Note: Since the goal is to quantify the fairness of the underlying AI model itself, the following metrics for Prediction Fairness are not considered for the final fairness rating. Currently, only aspects of Performance Fairness are considered for the fairness rating.

Point Biserial Correlation: The point biserial correlation coefficient can also be computed for the model predictions \(\hat{R}\) itself so that the correlation coefficient is denoted by \(\rho_{A, \hat{R}}\). When the data evaluation of Thetis is active, it will also compute the correlation coefficient between the sensitive attributes and the target scores \(\bar{R}\) which yields the correlation coefficient \(\rho_{A, \bar{R}}\). This is useful to determine if a correlation is induced by the data itself or the used AI model.

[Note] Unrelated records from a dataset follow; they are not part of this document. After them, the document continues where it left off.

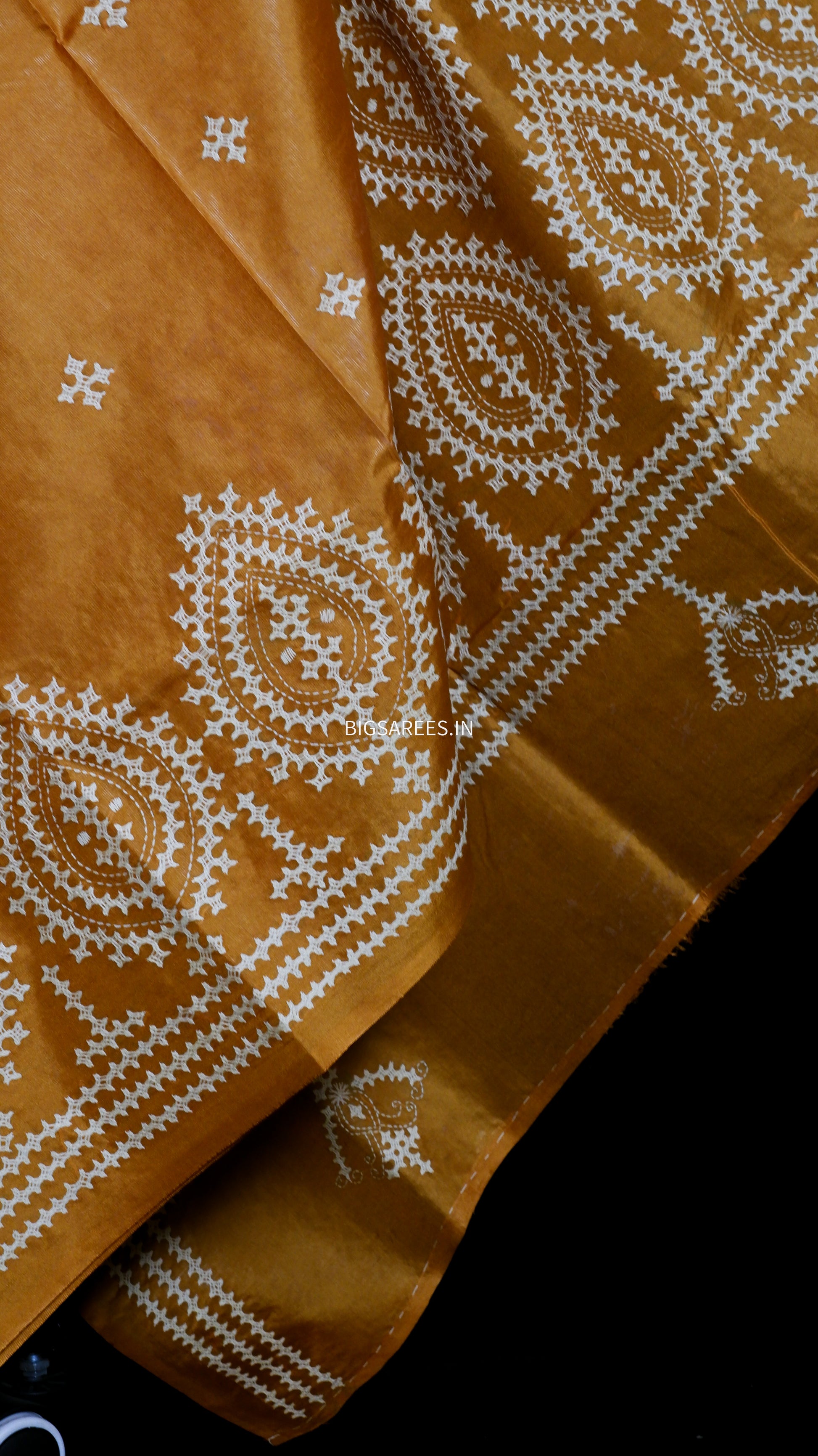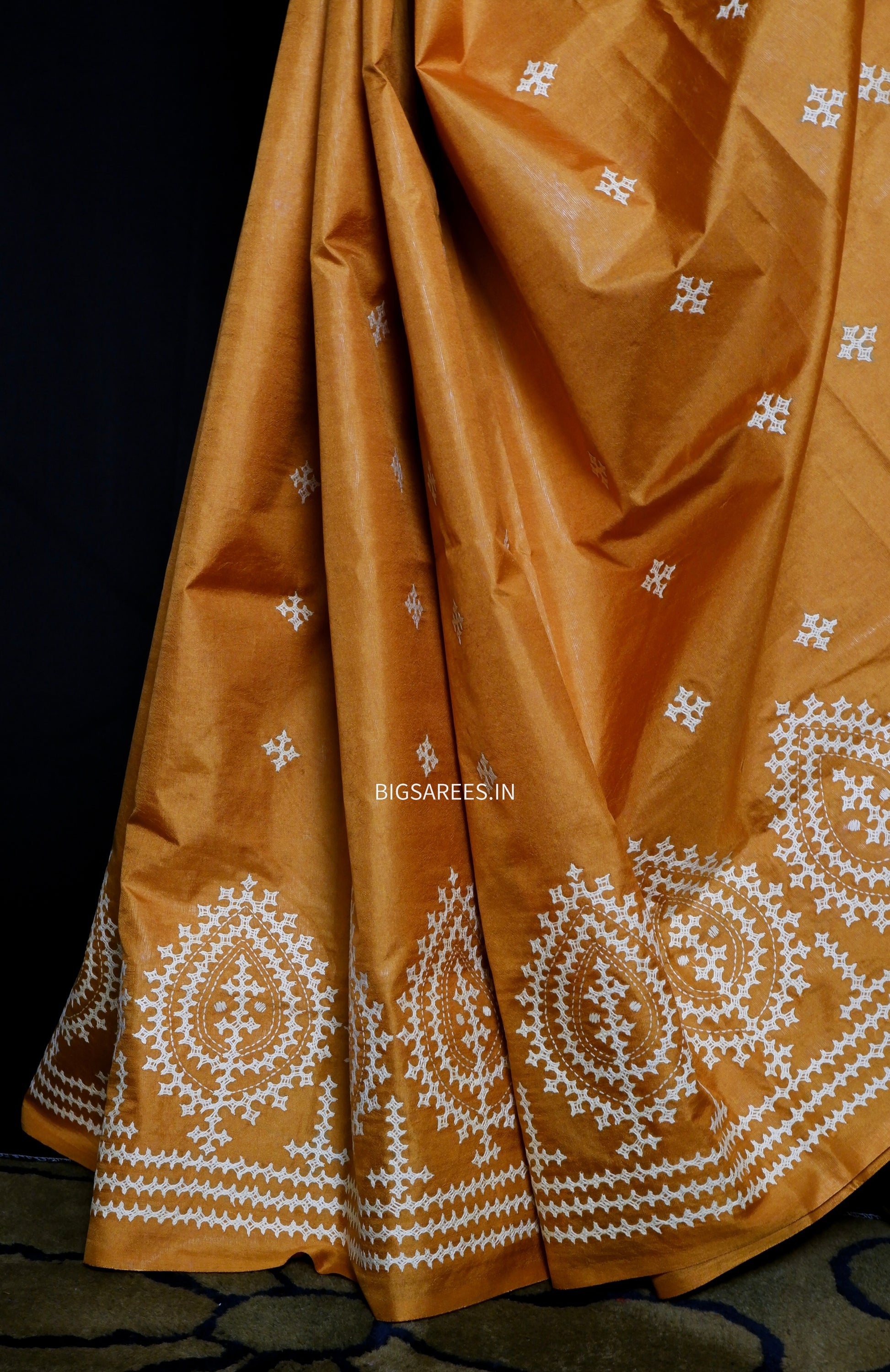 “Kutch Hand Embroidered Pure Bangalore Silk Saree.”
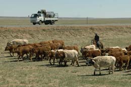 在我國(guó)西北地區(qū),公路的扶貧意義遠(yuǎn)遠(yuǎn)大于中東部地區(qū)。圖為在內(nèi)蒙古蘇尼特右旗境內(nèi)的一條公路旁,牛群在汽車的引領(lǐng)下走向新的牧場(chǎng)。(本報(bào)資料照片) | 由于地方財(cái)政普遍拮據(jù),資金壓力大、融資渠道單一成為西北交通建設(shè)的瓶頸和桎梏。自去年以來,國(guó)家開發(fā)銀行在西北嘗試銀團(tuán)貸款,這一模式的推廣,讓屢屢為融資而絞盡腦汁的西北交通建設(shè)部門感到欣喜不已。
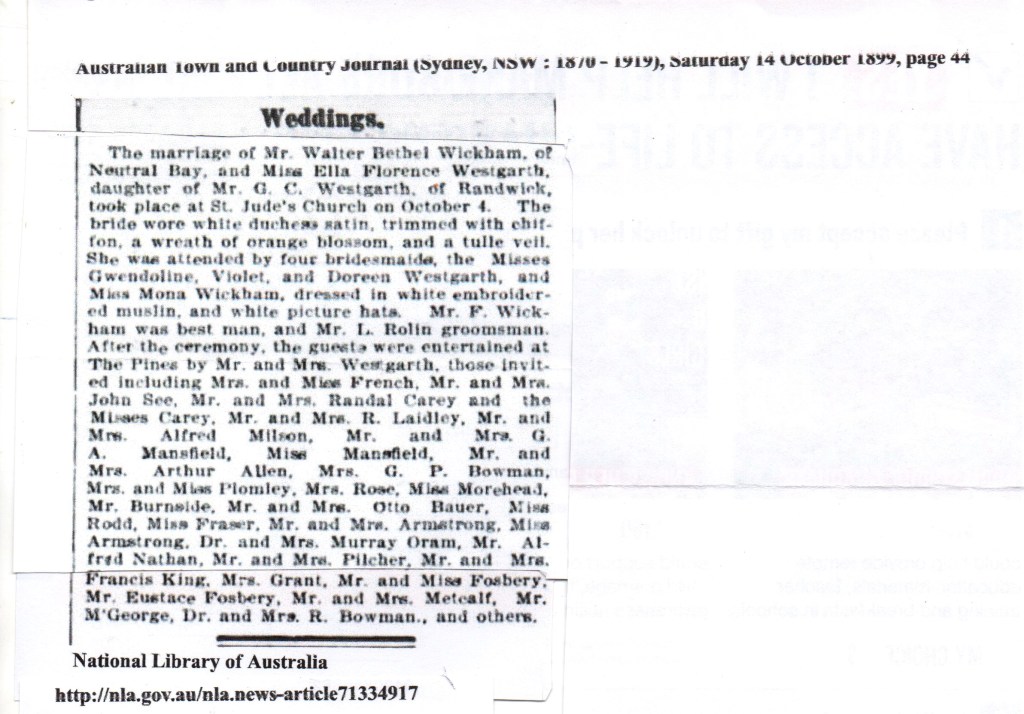 Ella was already 18 when the family moved into St Helens. She may have spent more time in town. Wealthy girls ‘came out’ at age 21 or earlier and she would have gone to many social occasions. She was 21 in 1894. Then, at age 26, in 1899, she married Walter Bethel Wickham, in Randwick, at St Jude’s Church and afterwards at The Pines.
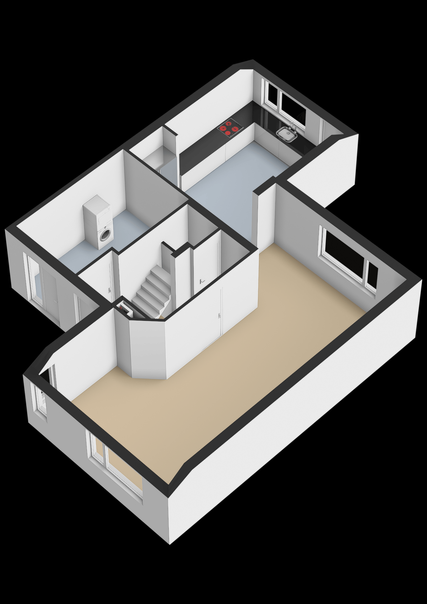 De woonkamer ligt centraal in het huis, heeft een oppervlakte van ca. 36 m² en biedt voldoende ruimte voor een ruime zithoek en eettafel. Grote ramen zorgen voor prettig daglicht en een open sfeer.
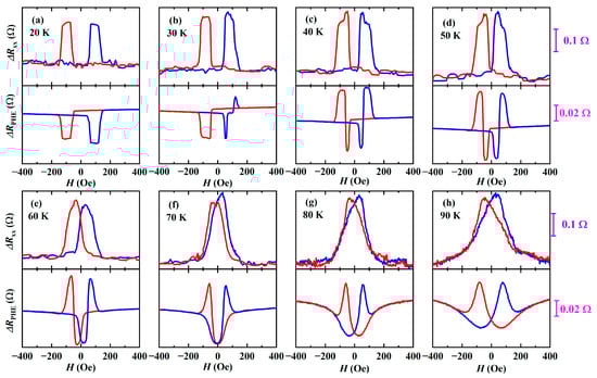 As for γ = 90°, the PHE and MR effects of Pt/TmIG show complex behavior (Figure 6). With the temperature increasing up to 60 K, the ΔRxx-H curves still exhibit an MR curve with double switching (Figure 6a–e), similar to that observed in Figure 2a. When the temperature is above 60 K, the shape of ΔRxx-H curves (Figure 6f–h) becomes butterfly-like, which is similar to other Pt/ReIG bilayers [15]. These results further confirm that the magnetoresistance (MR) curve with double switching in Pt/TmIG only occurs at low temperatures, which likely results from the contribution of Tm3+.
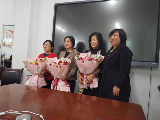 首先,李百秀院长向获得学校优秀班主任(学业导师)的刘春英、任美霞、常佩佩老师颁发了鲜花,并祝贺她们被评为学校优秀班主任(学业导师)。
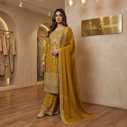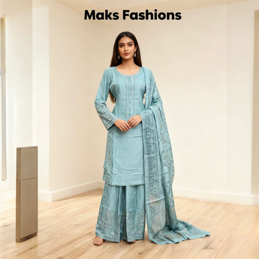 Ready Made Embroidered Sequins suit with Palazzo Trousers & Chiffon Dupatta
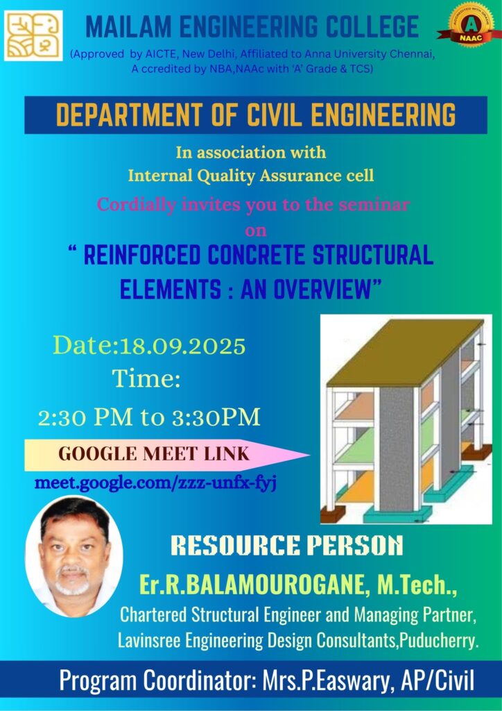 The Department of Civil Engineering, Mailam Engineering College, in association with the Internal Quality Assurance Cell, is organizing a seminar on “Reinforced Concrete Structural Elements: An Overview”. The session will be conducted by Er. R. Balamourogane, M.Tech., Chartered Structural Engineer and Managing Partner, Lavinsree Engineering Design Consultants, Puducherry. The seminar will be held online via Google Meet on 18th September 2025 from 2:30 PM to 3:30 PM.
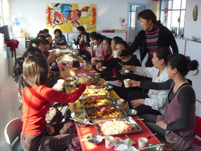 在本次活动中,徐园长以主教练的身份,将全体教职工分成三个团队,每个团队经过选举的方式选出各队的队长,再由队长带领队员进行各自团队口号、团队宣言等活动体验。队长发挥其主导和调控的作用,针对每队组员的不同特点,集结所有人的智慧和优势。在“温馨的午宴”活动环节中,进行团队展示,展示内容有“烹饪一条龙”、“推荐金牌菜”、“才艺大碰撞”、“随想与感言”等。

Independence: This aspect requires the equality of predictions for all sensitive attributes which can be expressed by

\[\hat{R} \perp A \rightarrow f(\hat{R}, A) = f(\hat{R})f(A) .\]

Note that a possible bias in the target values has an influence to the computation of the independence score. Thus, it is a metric for both, a bias in the target values as well as a bias in the model prediction performance [SROCallaghan20].

Object detection

The metrics for evaluating the fairness of object detection algorithms are highly related to the ones used for classification fairness evaluation. However, we have two limitations in the case of object detection:

• In a common object detection setting we do not have access to the true negatives (TN, correctly identified background).

• For object predictions with no associated ground-truth information, we commonly do not have information about a sensitive attribute available.

Therefore, only the computation of the ratio/difference of the recall (correctly identified objects as such) is applicable since the FP used in precision computation may not contain sensitive attribute information, and the computation of specificity and negative predictive value requires the presence of TN.

References

[SROCallaghan20] (1,2,3)

Daniel Steinberg, Alistair Reid, and Simon O'Callaghan. Fairness measures for regression via probabilistic classification. In 2nd Ethics of Data Science Conference. March 2020.